Сказывалось, что детство и юность он провел в пахарях. Умом Лан это понимал, и остальные понимали. Какие-то важные моменты были упущены и, наверное, навсегда. Никто не попрекал его, не насмехался, но быть отстающим – всегда в тягость. На Арене он рубился – будь здоров, в боях против нео тоже не сплоховал, а тут… Даже дружинник Чеслав, едва-едва поднявшийся на ноги после серьезного ранения, полученного в схватке с «Рапторами», и тот уделывал Лана, как мальчишку. А ведь когда-то Лану рукоплескали зрительские трибуны Арены! Напрашивался простой вывод: кремлевский пахарь, прошедший базовые тренировки ополченца, был более умелым фехтовальщиком, чем мародеры и прочее отрепье, обитающее за кремлевскими стенами. Но все равно не мог соперничать в умении с дружинниками – профессиональными воинами.

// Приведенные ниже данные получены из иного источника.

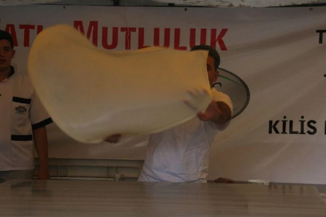 Kilis'te düzenlenen Kilis Katmeri Festivali'nde dünyanın en büyük katmeri açılarak Guinness Rekorlar Kitabı'na girildi.
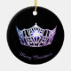 Ornamento decorativo mostrado em preto com forma redonda com uma impressão de Lavanda de coroa de brilhante e texto de coordenação do Feliz Natal. Personalize este item ou comprar como está.
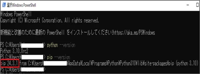 同様にpipも以下のコマンドを実行し、必要なバージョン以上であることを確認します。
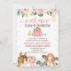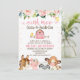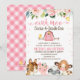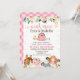 Fazenda Floral de Casca Rosa Aniversário Convite fazenda de Fogueira Fita Convite de aniversário Cuta, com a inscrição de um cavalo, suíno, bovino e ovino, bem como arranjo floral e celeiro rosa. Este design de convite é uma maneira fofa de definir a cena para a festa de aniversário de uma garota temática fazenda.
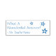Ce design inspirant d'estampille en caoutchouc comprend le message de motivation "What A Wonderful Answer!" et le nom d'un enseignant, d'un éducateur ou d'un tuteur customisé. Il présente également un contour décoratif étoilé. Il pourrait être utilisé par un enseignant, un éducateur ou un tuteur pour évaluer le travail des étudiants, pour indiquer qu'un étudiant a fait un travail exceptionnel.
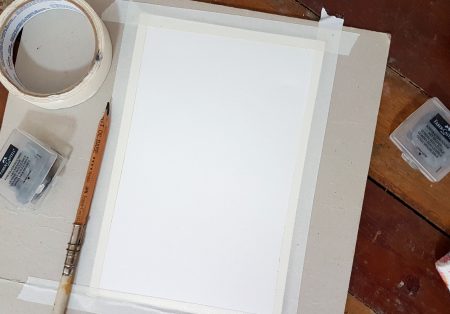 Vamos primeiro arrumar o espaço ! vamos colocar fita crepe em volta das laterais do papel para fixa-lo melhor e para quando molharmos, não termos problemas de “ ondas “ indesejadas …
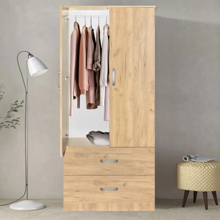 Ντουλάπα ρούχων δίφυλλη Zelia με 2 συρτάρια χρώμα φυσικό 79x42x180εκ
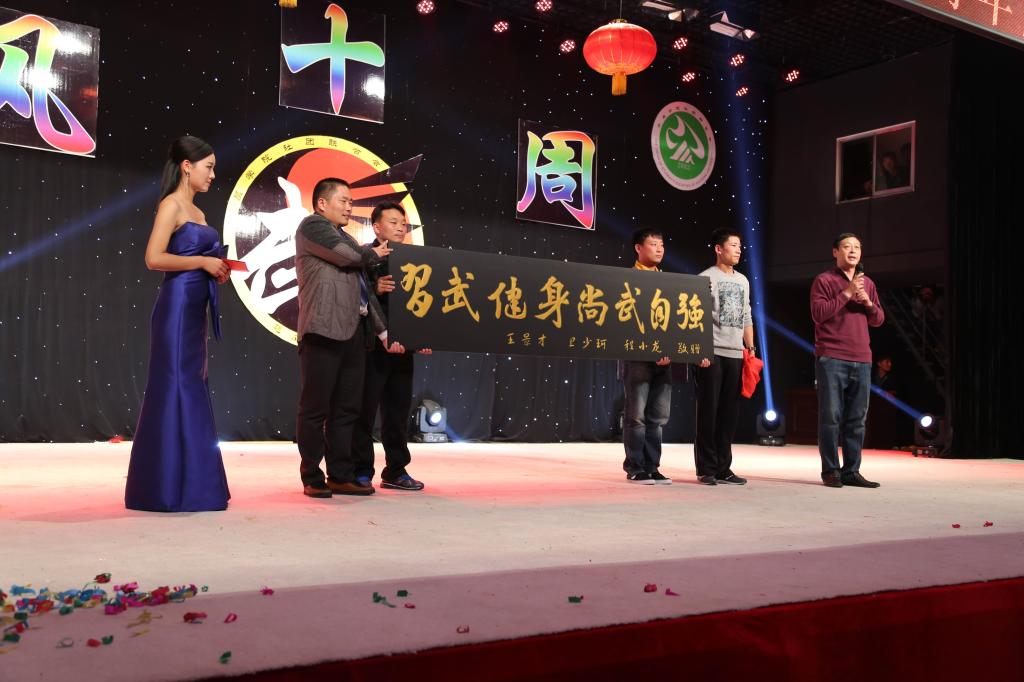 气势磅礴的《旗舞》晚会序曲后,校团委书记张鹏辉致开幕词,张书记充分肯定了飓风武术俱乐部在过去十年所取得成绩,对俱乐部在公司校园文建设和员工综合素质拓展中所起的积极作用给予了高度评价,并对俱乐部在今后的发展提出了新的要求。随后,公司党总支书记王建强致欢迎词,王书记首先向出席晚会的领导、嘉宾和师生们表示了热忱的欢迎和衷心的谢意,王书记在讲话中对飓风武术俱乐部拼搏的十年,成长的十年进行了深情回顾,并展望了俱乐部今后的发展设想。

Очередная тренировка подошла к концу. Получив новую пару ссадин и ушибов, Лан отказался от берестяного пластыря и холодных примочек. Он зажал погнутый тренировочный меч под мышкой, подошел к Мастеру и проговорил, набычившись:

– Я хочу фехтовать еще!

– Время вышло, – ответил Мастер, а потом добавил по-отечески мягко: – Отдыхай, друг, пока дают.

– Я не устал, могу драться еще!

– Зато я, знаешь, как устал с вами? – Мастер утер тугой кожаной наручью испарину, выступившую на украшенном шрамами лбу. – Не всем же быть такими железобетонными, как ты. Пойди, подыши воздухом. Остудись чуток.

С одной стороны – гадкие сны и дурные предчувствия, с другой – пропажа посольства и стоящее перед глазами упрямое лицо Дениса, явно задумавшего какую-то самоубийственную глупость. С третьей стороны – тоска по Маре и нехватка женской ласки, с четвертой – постоянное отставание от товарищей в части владения мечом. Лан скрипел зубами от переполнявших его темных страстей. В одной молодой и горячей голове не могло все это тихо-мирно, как говорят старики, «устаканиться». Ему бы сейчас в бой, в самое пекло, пусть даже на Арену, гори она синим пламенем!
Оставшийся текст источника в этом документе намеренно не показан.